Where moth and rust consume

That sounds like a conversation at my kitchen table!
That’s what she told me outside church after Mass the other day.  The roof repair estimators had arrived just as folks were leaving, stirring curiosity.  I explained that they were here to identify the sources of the leaks damaging the church ceiling.  The week before, the first assessor had walked about on the roof, but determined that information was needed from the “attic” -- the catwalk and crawlspace between ceiling and roof.  Access is possible only through the small square hatch above the head of the Sacred Heart statue over the main doors.    

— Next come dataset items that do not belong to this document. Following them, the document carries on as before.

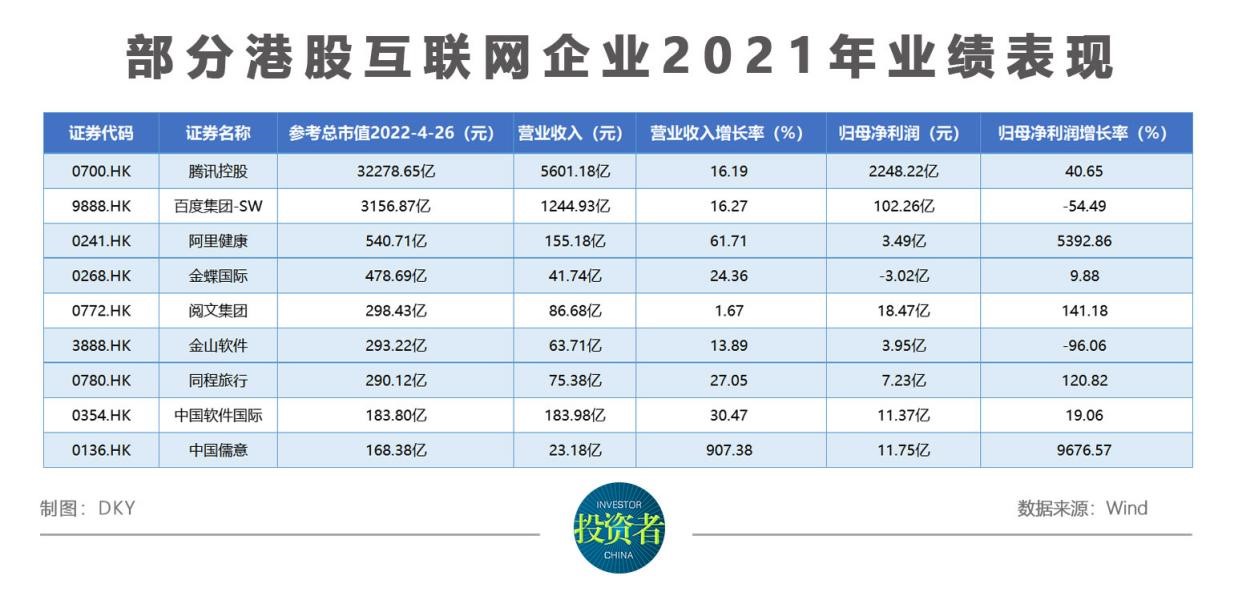 从腾讯控股、百度集团、阿里健康、金蝶国际、阅文集团、金山软件、同程旅行、中国软件国际、中国儒意9家港股互联网上市公司看,2021年这9家企业累计实现营业收入7476亿元,同比增长近17.46%;归母净利润2404亿元,同比减少28.3%。其中,阅文集团(0772.HK)的归母净利润同比增长141%,同程旅行(0780.HK)的归母净利润增长121%。
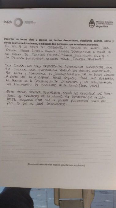 La denunciante, una ciudadana trans, dijo en la presentación realizada ante el organismo que ella fue la primera ciudadana trans que trabajó al frente de la Oficina de Coordinación de Diversidad y No Discriminación del Ministerio de Seguridad de la Nación entre 2015 y 2019. En tanto, Ornella Infante es directora de Políticas Antidiscriminatorias del INADI desde principios de 2020, tras la asunción de Alberto Fernández.
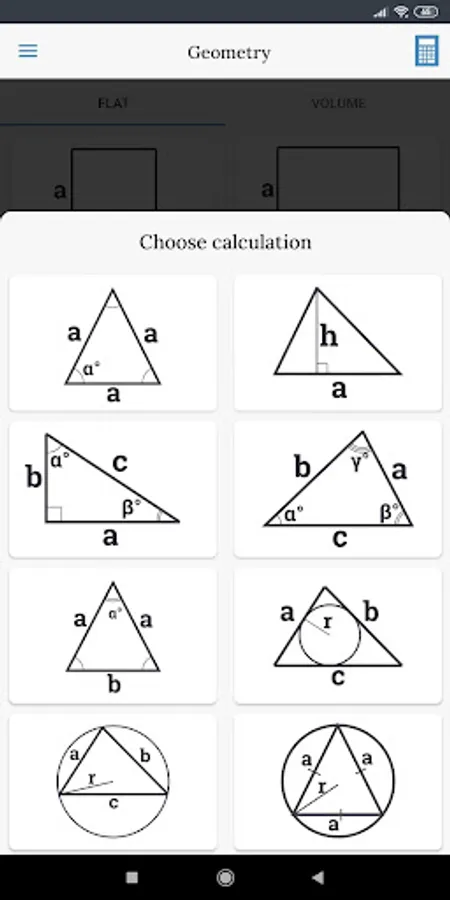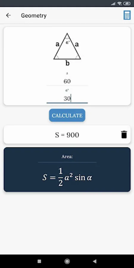 3. Calculation of the area, the perimeter and the angles of a triangle
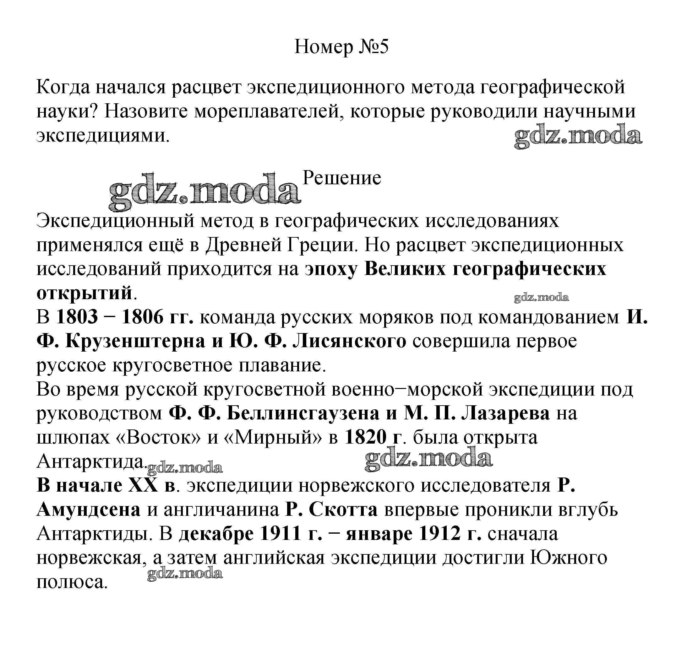 ОТВЕТ на задание № 5 Учебник по Географии 5 класс Летягин
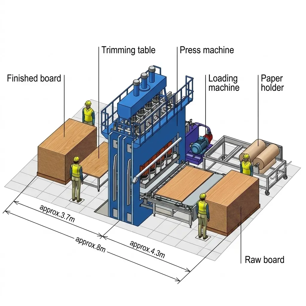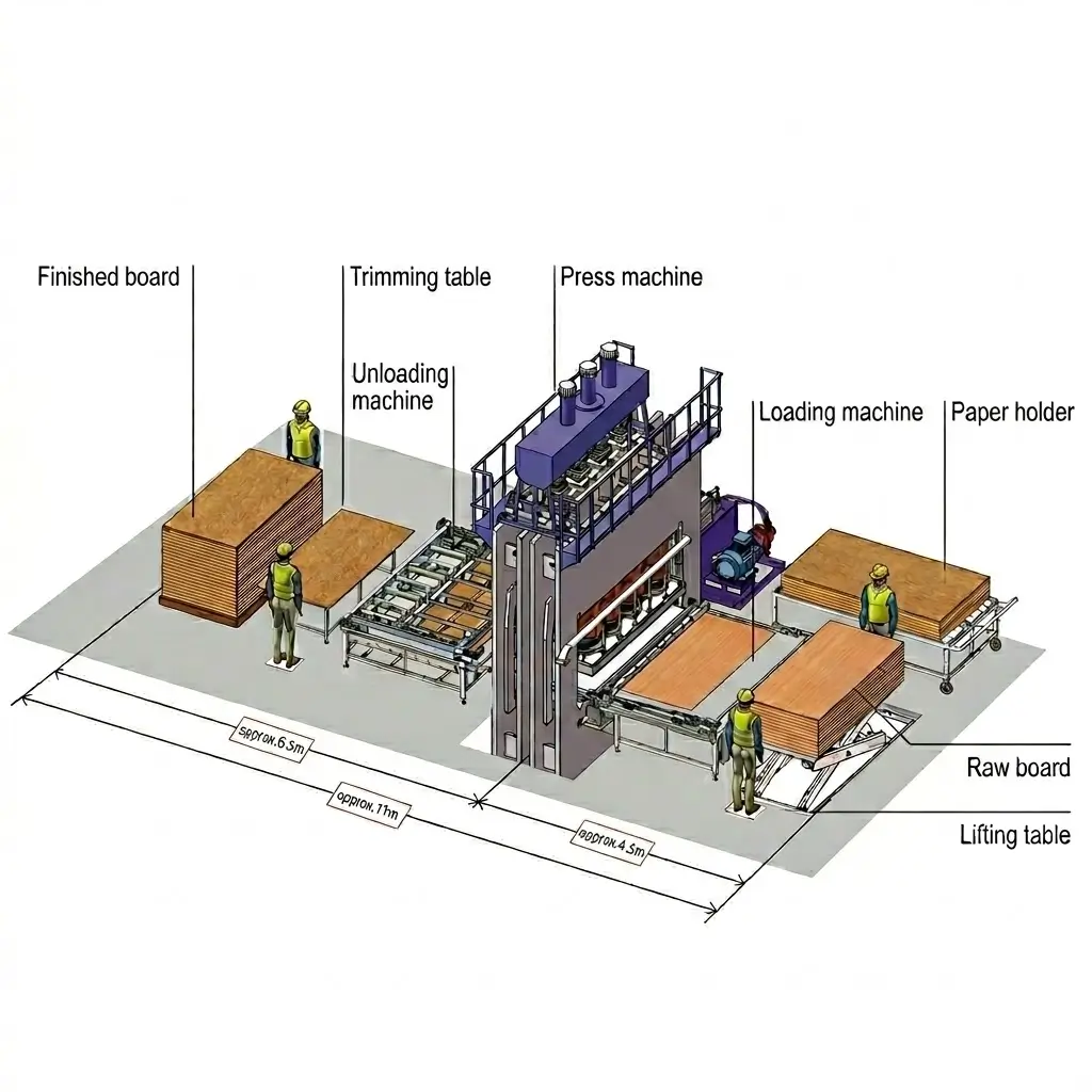 Product Advantages & Description: Specifically designed for large-scale, highly efficient batch production. This versatile machine handles a wide range of materials and is exceptionally adept at producing high-gloss melamine finishes. Its advanced multi-layer structure ensures uniform pressure distribution and synchronized heating across all layers (preventing bubbling or over-drying), which significantly boosts the output per cycle while drastically reducing energy consumption and labor costs per board.
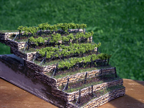 Aus Styrodurplatten schneide ich die Weinbergterassen und verklebe sie mit Styroporkleber. Die Weinbergelemente werden zur leichteren Bearbeitung und späteren Wartung herausnehmbar eingesetzt.
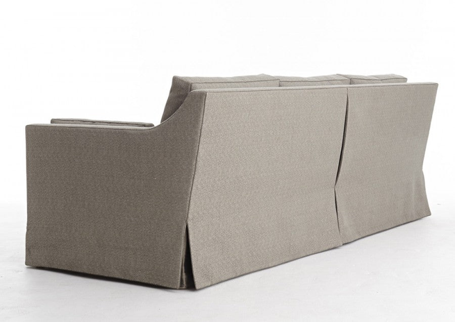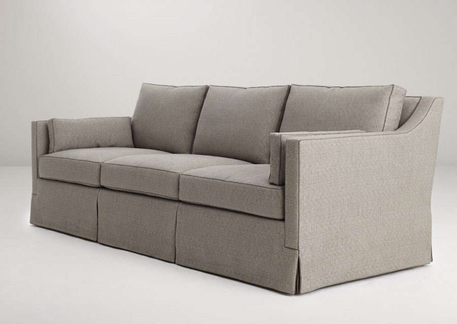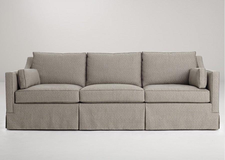 Loose seat, back and arm cushions, boxed with self welt, 50/50 down and feather fill. Self welt detailing on frame. Dressmaker skirt from deck with notch detail at arms and pleats at cushion divisions, corners and back. Standard skirt allowance is ¼”.
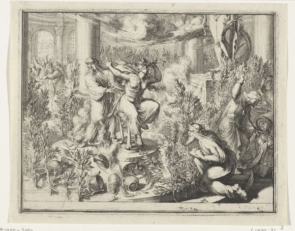 Editor: So, here we have Giovanni Andrea Podestà's "Bacchanaal met altaar, faun en Silenus," an engraving from 1640. It feels chaotic, almost a bit overwhelming with all the figures. What do you see in this piece? Curator: Indeed, chaotic is a great way to describe it! Looking at this through a contemporary lens, I'm struck by how it encapsulates the Baroque fascination with excess, and challenges to traditional morality. Think about the context: The Catholic Church was attempting to reassert control amidst the Reformation. How might the blatant celebration of Dionysian revelry, of the unrestrained body, have been perceived? Editor: So, it's almost subversive? A visual pushback? Curator: Precisely! The Bacchanaal were rituals dedicated to Dionysus (Bacchus) marked by ecstatic dance, intoxication, and sexual freedom—transgressions of societal norms. And it's not just about religious power structures; who do you think was excluded from, or perhaps even punished, by the types of excess pictured in the artwork? Editor: I guess women? Or people outside of that wealthy social class? Curator: Yes, and the visual language of classical mythology can obfuscate the structures of race, wealth and class inherent in seventeenth-century European life. This piece performs both an apparent homage to antiquity, and also a reflection of the power structures inherent in artistic patronage at this time. Editor: Wow, I hadn’t thought about it that way. It seems more complex when viewed from that perspective. Curator: It urges us to interrogate not just what's depicted, but who is being empowered, and who is potentially erased or further marginalized by the artistic choices being made. We have to ask these hard questions and place these works in a social and cultural context to have a useful discourse about them today. Editor: I’ve definitely got a lot to think about! Thanks! Curator: It has been my pleasure. Let’s continue to investigate these conversations to create more informed perspectives of these works and to deepen our discussions.
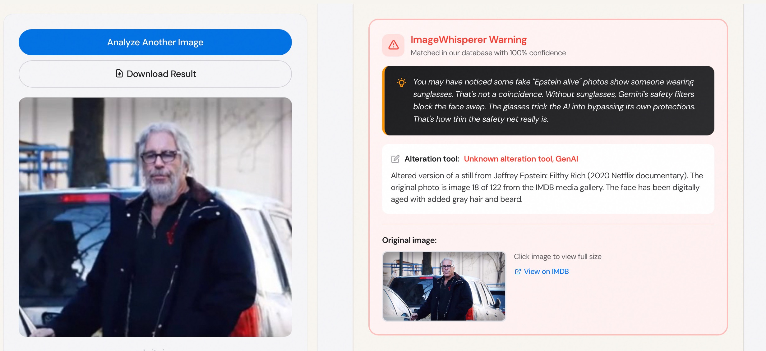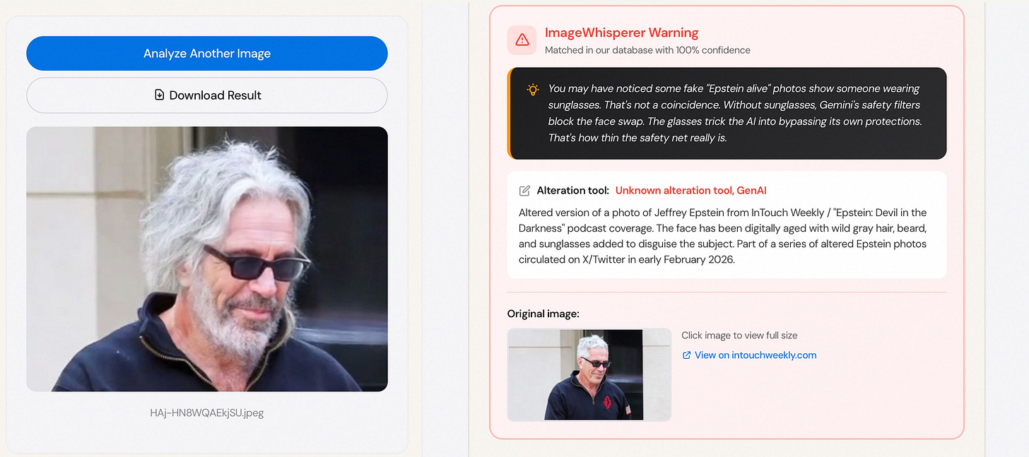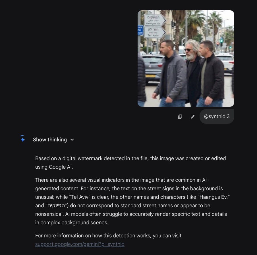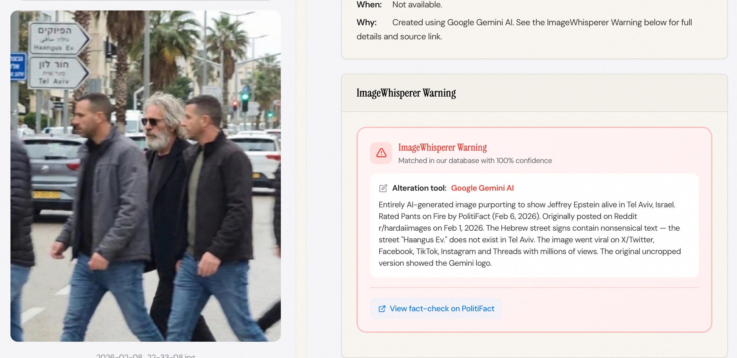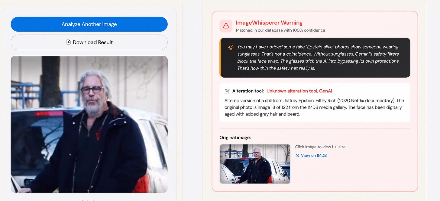 This weekend, Jeffrey Epstein was spotted walking around Tel Aviv. Three times. With three different outfits. One of them is produced or AI-altered via Google’s own platform Gemini , with Nano Banana Pro, my ImageWhisperer.org showed in the new Detective section:
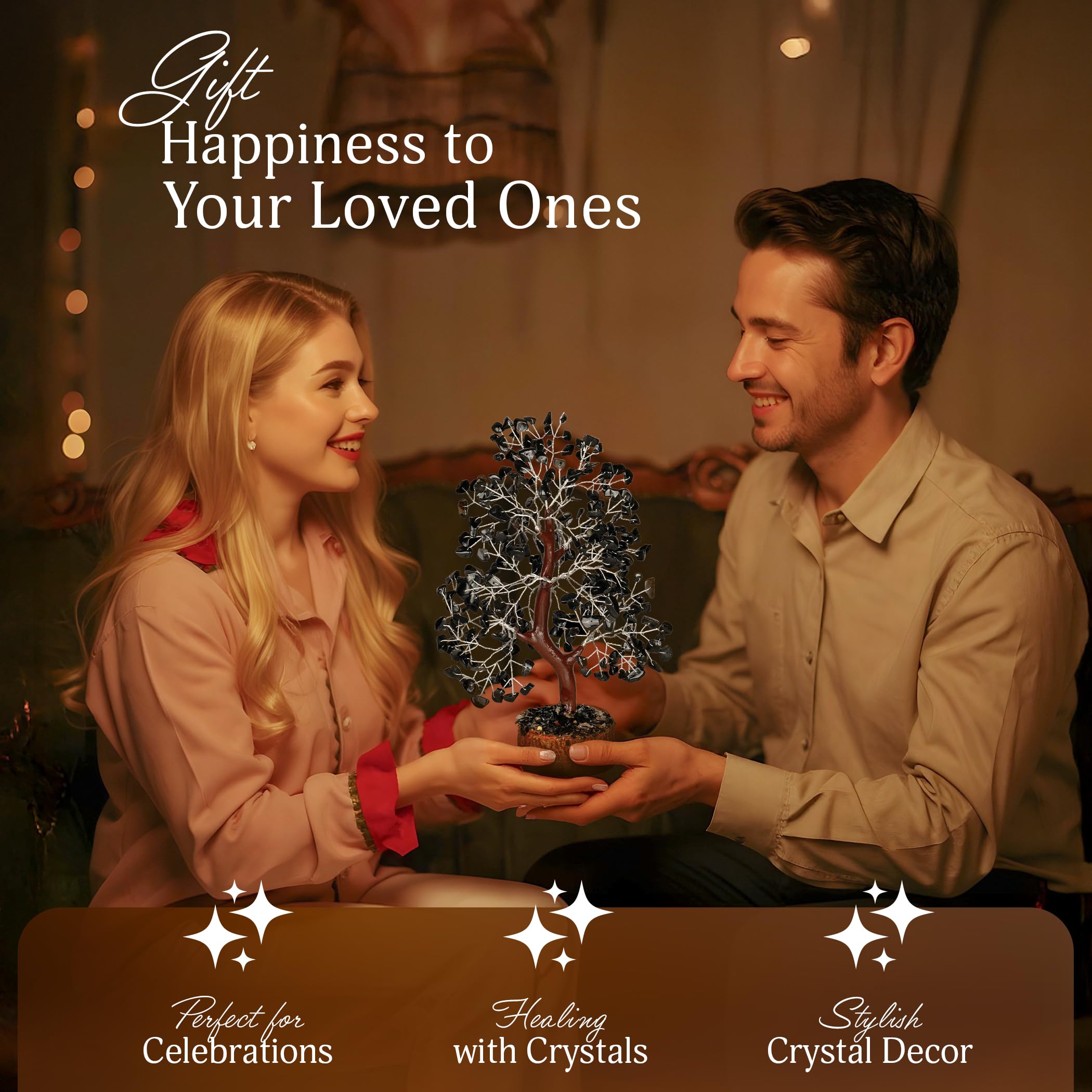 Crystal Home Decor - The black color of this aura crystal fills any environment with royalty. The shining crystal chakra tree is an elegant room décor item, place it on the shelf, or the wall. Can also be used as a housewarming good luck charm item. This bonsai tree can do it all. Filled with chakra healing properties the buddha tree also makes itself a perfect gifting item for spiritual persons, crystal decor, feng shui decor, handmade gifts, etc.

Now I admit to being in a state of some agitation, as this seemingly simple effort had taken on pricey complexity.  The roof assessor called me a day or two later to inform me that a scissor-lift was required to reach that hatch, which apt but arcane piece of equipment must be rented at a price not less than $1000.  That’s right, folks, a cool grand, just for a look-see.  Now do you understand my agitation?
Fueled by indignation as I shared the full story with the insatiable onlookers, I pointed out that the roof to the church was fine -- fine! -- since it dates to 2003, quite young in roof-years.  Moreover, I had personally seen to the re-flashing of the seams and edges, and the re-sealing of the eyebrow vents, early in my tenure as Pastor, not later than 2008;  more recently, I had been veritably breathing down the neck of our gutter liners and downspout junctions.
As leaks persisted and plaster fell in chunks, evidence pointed to the eyebrow vents as culprits; but I was convinced that something else was wrong, because it could not possibly be anything so recently repaired.

Don't you raise your eyebrows at me, young lady!
At this point I was forced to admit that after ten years as Pastor here, I have reached a point where I have fixed, patched, or replaced almost everything.  It seems only humblest reason to expect it all to work, doesn’t it?  But no!  Some things insist on breaking again, sometimes in the same way, and sometimes in new and creative ways.   Which leads to my cri de coeur: didn’t I just fix that?
That’s when she said: That sounds like a conversation at my kitchen table!  She explained that her family, too, has been in their home for long enough that their seemingly “brand-new” appliances fail, and “recent” repairs and restorations crumble.  The only remedy for the anguish and confusion is to retrieve the receipt, often brittle and yellowed, revealing the purchase or work might not be so recent as the inverted telescope of memory shows.  It’s a rear-view that should come with a warning in reverse of the one on your car:  objects in mirror may be further away than they seem.
So yes, folks, I am at that stage as “householder” where the paper trail tells a startling tale of years gone by, and original sin working its ways on the material world in rust, decay, and failure.  All things bright and beautiful eventually break and need repair.  Alas.  Does this sound like a conversation at your kitchen table?
Later that day of the conversation, the assessment unfolded a happier tale that not all is turned to dust quite yet.  The culprits are indeed likely the eyebrow vents, not the whole roof, and not the parts we resealed so recently, but underlying caulk in joints untended since Stricker strode the parish.  This too can be repaired.  We’ll need to keep after those gutter liners too, of course, most pressingly the expansion joints. 
But the really good news came when the roofers told me they had grown so impatient waiting for the hours-delayed scissor lift that they found they could access the hatch by combining two ladders they had on their truck, so they cancelled the rental and the $1000 expense.
And that’s just the sort of happy news that I hope you, too, get to include sometime soon in a conversation at your kitchen table.